I wanted to do something that would change the game. I saw somebody in 1989 type “hi” on a computer and somebody else type back, “hi, how are you, I’m fine” or something like that.  I said, “Whoa, do you think they’ll ever be able to send music down a wire like those words just came?”  The guy said, “Sure, it’s zeros and ones, someday they’ll figure out how to compress it.”  I really knew in that moment that that was going to change everything about the music industry.  I just didn’t know how it would change it.  Frankly, we still don’t know exactly how it’s going to change it.
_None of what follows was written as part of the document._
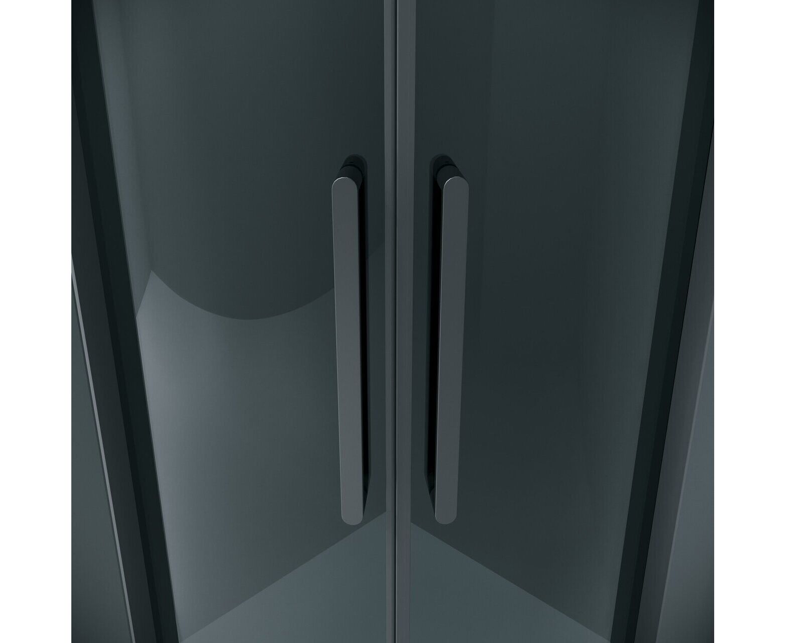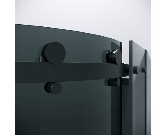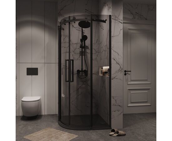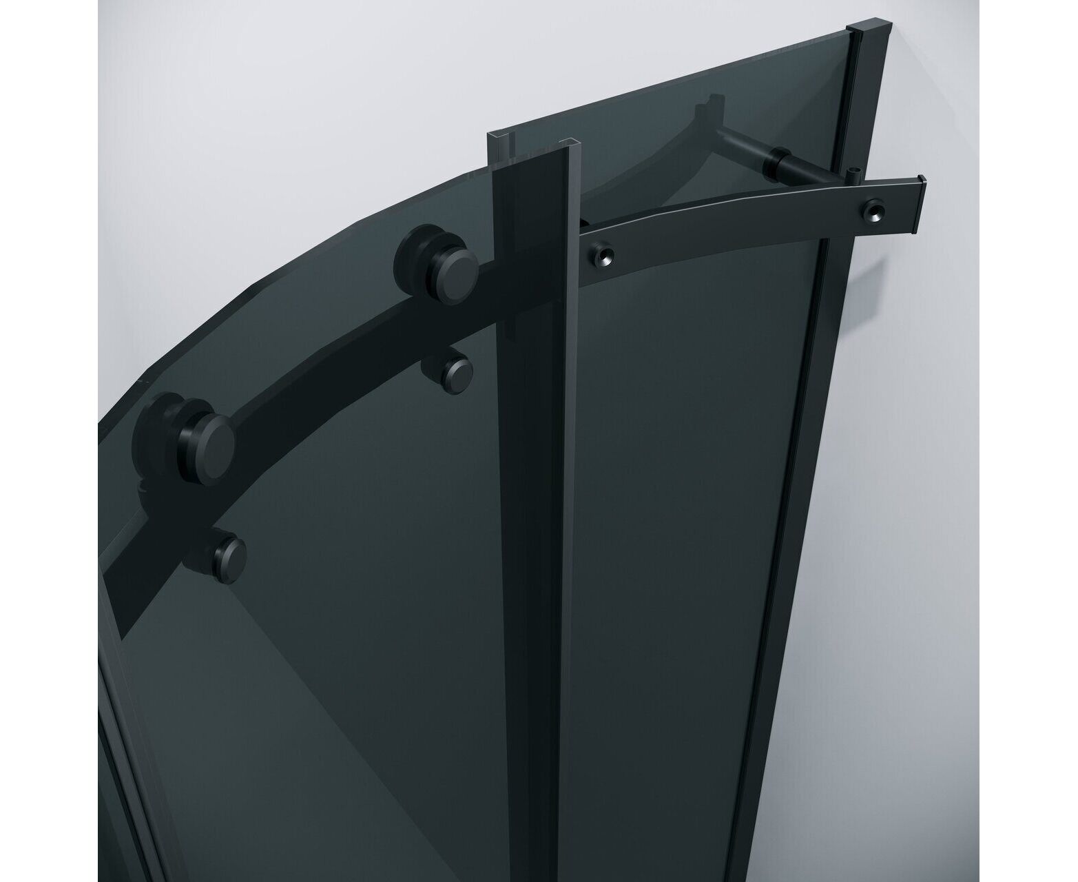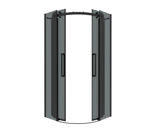 Душевое ограждение Grossman Classic 301.K33.04.1010.21.10 100х100х195 см полукруг раздвижная черный матовый стекло тонированное сделает любой интерьер ванной особенным. Форма уголка четверть круга, габаритные размеры 100х100х195 см. В основе конструкции лежит алюминиевый профиль в цвете «черный матовый» и тонированное закаленное стекло толщиной 8 мм. Механизм дверей - раздвижной.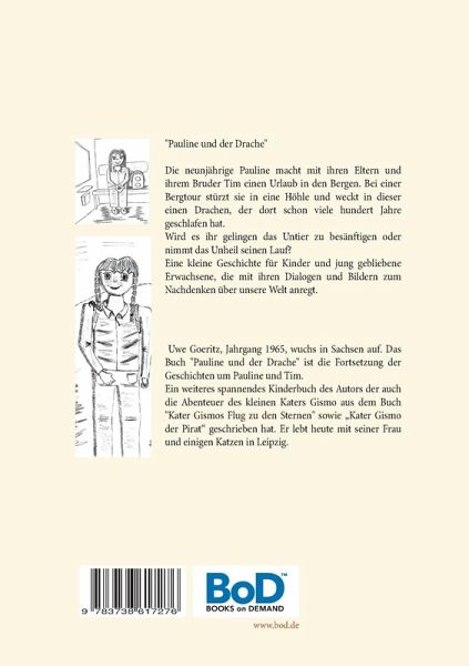 "Pauline und der Drache"Die neunjährige Pauline macht mit ihren Eltern und ihrem Bruder Tim einen Urlaub in den Bergen. Bei einer Bergtour stürzt sie in eine Höhle und weckt in idieser einen Drachen, der schon viele hundert Jahre dort geschlafen hat. Wird es ihr gelingen das Untier zu besänftigen oder nimmt das Unheil seinen Lauf?Eine kleine Geschichte für Kinder und jung gebliebene Erwachsene, die mit ihren Dialogen und Bildern zum Nachdenken über unsere Welt anregt und für Lebendigkeit sowie besondere Nähe zum Geschehen sorgt. Die detailreichen Beschreibungen erschaffen ein besonders plastisches Bild für den Leser.Fazit: Spannend und Lesenswert.

So I remember getting in my car when I left that guy’s house and thinking, well, if everything’s going to change, what can I do that will be a safe place to go that will be important to that change.  I realized that no matter what form the industry takes, that a filter was always going to be necessary.  I had an instinct that the labels would eventually melt down and go away.  They were the filters; they still are a filter.  And that the public wouldn’t want to hear all the bad stuff to find the gems, so that was part of the inspiration for starting Taxi, was to create a neutral, Swiss-like filter that would be of tremendous value eventually to consumers, certainly in the short term, to the industry.

By doing that, it would help the musicians who deserved to be heard and didn’t have a way to get their music to the right people.  So there was a certain amount of altruism mixed with a certain amount of business instinct.  Put those in a pot, stir them up, and what you get is an entrepreneur.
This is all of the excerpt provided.